We kijken zeer uit naar je antwoord en danken je bij voorbaat hartelijk,
niet in laatste plaats ook namens ons kroost en hun moeders,
Coen Simon en Frank Meester
HET PAMFLET
Ontvadering. Het einde van de
vaderlijke autoriteit
Alexander Mitscherlich en de psychoanalyse
Alexander Mitscherlich (1908-1982) publiceerde zijn boek Auf dem Weg
zur vaterlosen Gesellschaft in 1963. Hoelang dat geleden is, blijkt wel als
we denken aan de grote gebeurtenis van dat jaar, de moord op president
John F. Kennedy. Kennedy zelf is op foto’s uit die tijd eeuwig jong, maar
de context maakt nu een vervreemdende indruk. De meeste foto’s zijn nog
in zwart-wit. Bijna alle mannen dragen hoeden. De jaren vijftig zijn
nauwelijks achter de rug. De oorlog in Vietnam moet nog op gang komen
en het zal nog vijf jaar duren voordat jonge babyboomers hun
antiautoritaire revolte beginnen. Die autoriteit is dan nog steeds een barse
man in driedelig pak. Achteraf is het misschien niet moeilijk om in te zien
dat ‘1968’ over de strijd van zonen tegen vaders ging, maar toen
Mitscherlich zijn boek schreef, hing die opstand nog allerminst in de lucht.

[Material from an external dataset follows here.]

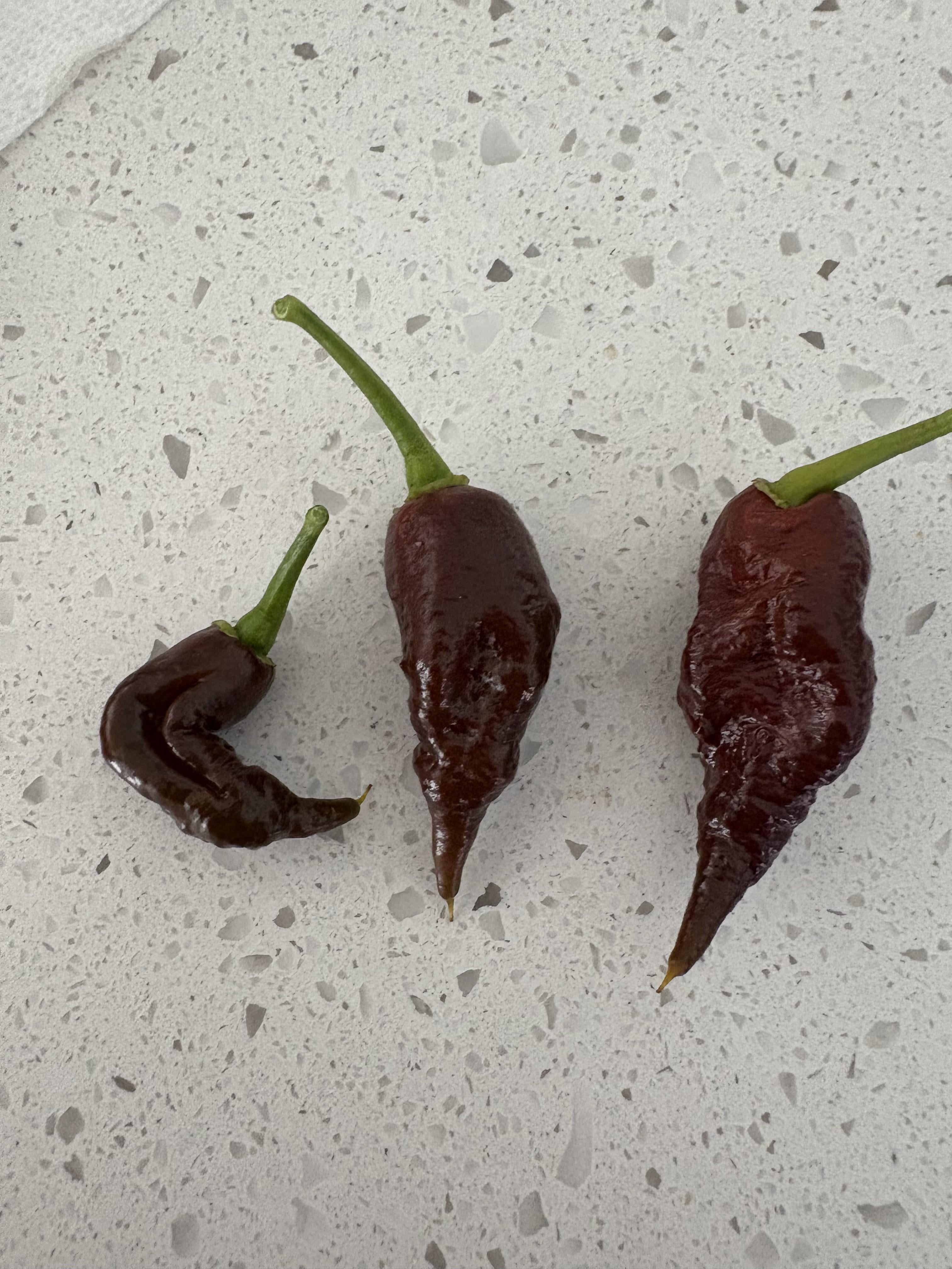 These were my chocolate reapers – those look more like ghosts. I believe they aren’t a stable variant yet so shape isn’t a great indicator but do they taste fruity and heat in your mouth (ghost) or slightly smoky and burn your chest and throat more (reapers.)?

Toen zat de generatie van na de Tweede Wereldoorlog nog op school. Pas
vijf jaar later waren ze student, en dat heeft een groot verschil gemaakt.
Toch voorvoelde Mitscherlich al ruim tevoren het einde van de vaderlijke
autoriteit. Hij moet daar wel een fijne antenne voor hebben gehad. Die
antenne was voor hem de psychoanalyse, die in die tijd nog en vogue was.